───── Data to examine

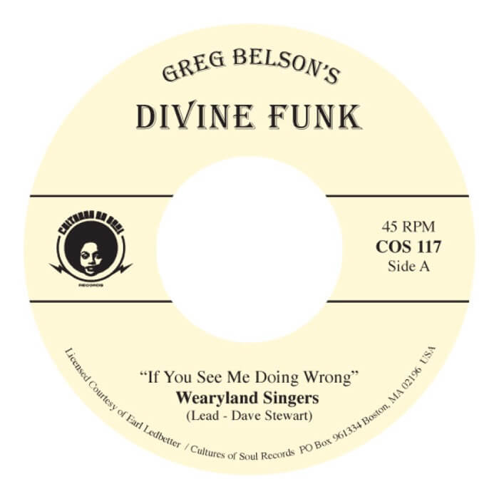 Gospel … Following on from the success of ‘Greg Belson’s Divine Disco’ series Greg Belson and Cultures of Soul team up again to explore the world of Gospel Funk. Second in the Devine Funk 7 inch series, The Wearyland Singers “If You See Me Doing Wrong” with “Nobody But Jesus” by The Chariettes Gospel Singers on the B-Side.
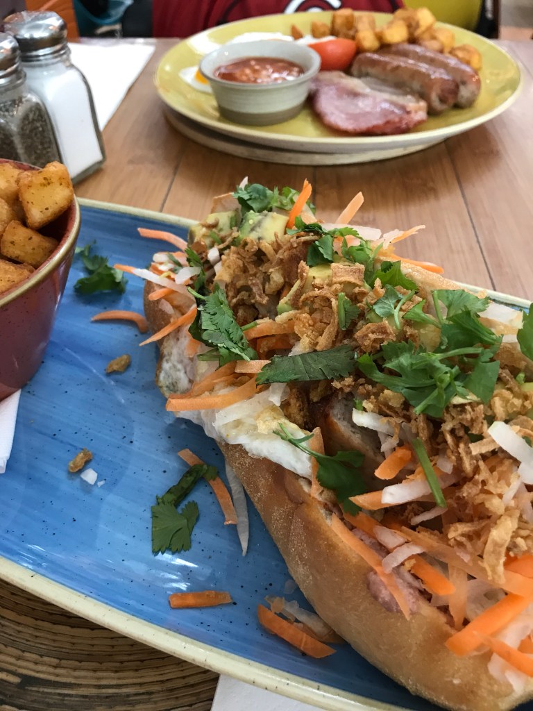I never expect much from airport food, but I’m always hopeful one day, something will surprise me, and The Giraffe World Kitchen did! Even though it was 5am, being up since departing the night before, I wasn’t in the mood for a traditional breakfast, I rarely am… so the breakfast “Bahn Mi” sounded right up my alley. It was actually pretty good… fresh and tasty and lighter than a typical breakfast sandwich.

──────────
───── Data to examine

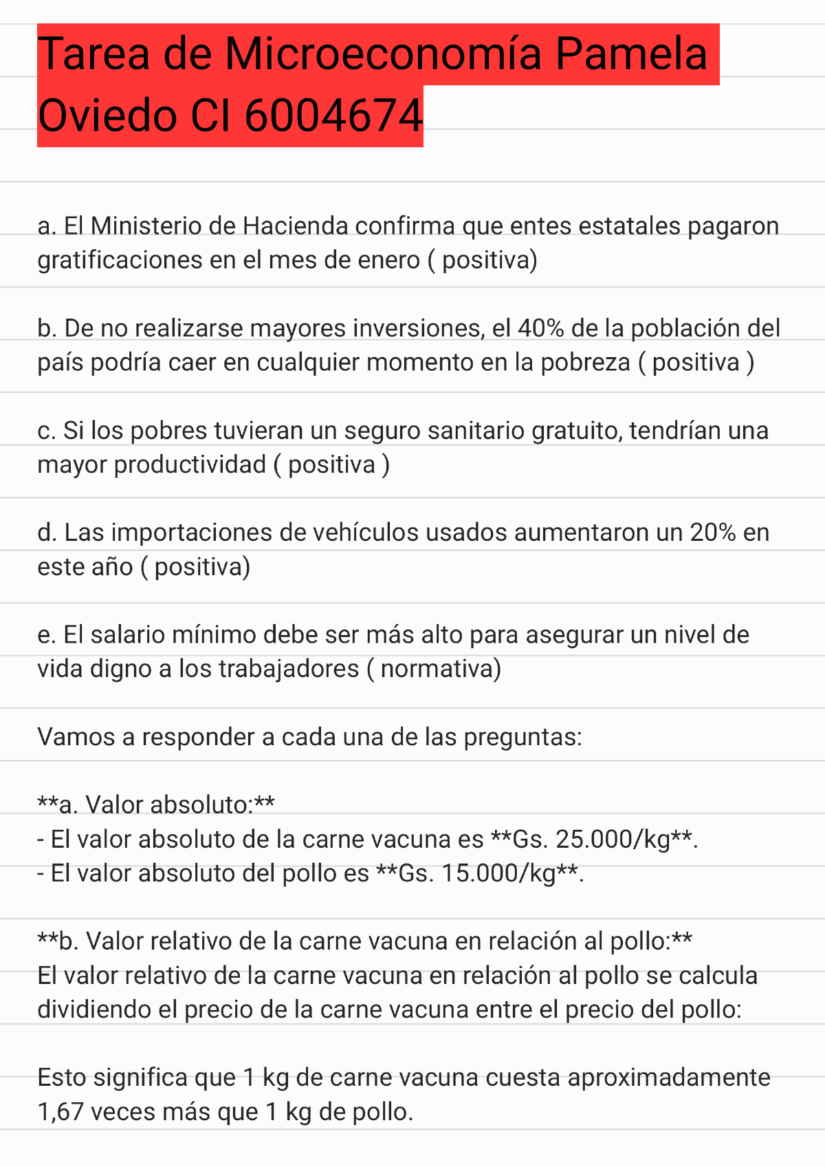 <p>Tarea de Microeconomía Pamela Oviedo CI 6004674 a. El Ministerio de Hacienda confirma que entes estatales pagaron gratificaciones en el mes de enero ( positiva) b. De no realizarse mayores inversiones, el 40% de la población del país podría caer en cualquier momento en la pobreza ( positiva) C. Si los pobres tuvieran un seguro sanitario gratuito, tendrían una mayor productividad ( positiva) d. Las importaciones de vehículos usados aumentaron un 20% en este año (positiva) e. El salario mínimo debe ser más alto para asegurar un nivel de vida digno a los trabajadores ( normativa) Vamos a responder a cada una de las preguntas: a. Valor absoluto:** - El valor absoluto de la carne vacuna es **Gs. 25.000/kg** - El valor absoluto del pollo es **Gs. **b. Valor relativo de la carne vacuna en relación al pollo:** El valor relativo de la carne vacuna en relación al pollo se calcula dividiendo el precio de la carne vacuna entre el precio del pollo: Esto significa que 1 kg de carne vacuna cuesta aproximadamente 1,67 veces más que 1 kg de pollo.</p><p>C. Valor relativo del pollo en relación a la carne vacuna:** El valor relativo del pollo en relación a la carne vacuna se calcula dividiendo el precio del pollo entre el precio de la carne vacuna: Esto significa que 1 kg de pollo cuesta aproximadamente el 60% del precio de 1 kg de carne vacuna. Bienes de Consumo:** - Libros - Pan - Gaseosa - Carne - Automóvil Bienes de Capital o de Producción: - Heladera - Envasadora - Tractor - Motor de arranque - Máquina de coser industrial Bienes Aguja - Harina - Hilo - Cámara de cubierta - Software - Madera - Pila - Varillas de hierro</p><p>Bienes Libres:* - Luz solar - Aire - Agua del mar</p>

──────────

_About this task:_ Using the data above, print only the lines starting at the one with "Gospel … Following" and ending at the one with "I never expect", exactly as they stand, minus the pictures.

_Result of this task:_
 Gospel … Following on from the success of ‘Greg Belson’s Divine Disco’ series Greg Belson and Cultures of Soul team up again to explore the world of Gospel Funk. Second in the Devine Funk 7 inch series, The Wearyland Singers “If You See Me Doing Wrong” with “Nobody But Jesus” by The Chariettes Gospel Singers on the B-Side.
I never expect much from airport food, but I’m always hopeful one day, something will surprise me, and The Giraffe World Kitchen did! Even though it was 5am, being up since departing the night before, I wasn’t in the mood for a traditional breakfast, I rarely am… so the breakfast “Bahn Mi” sounded right up my alley. It was actually pretty good… fresh and tasty and lighter than a typical breakfast sandwich.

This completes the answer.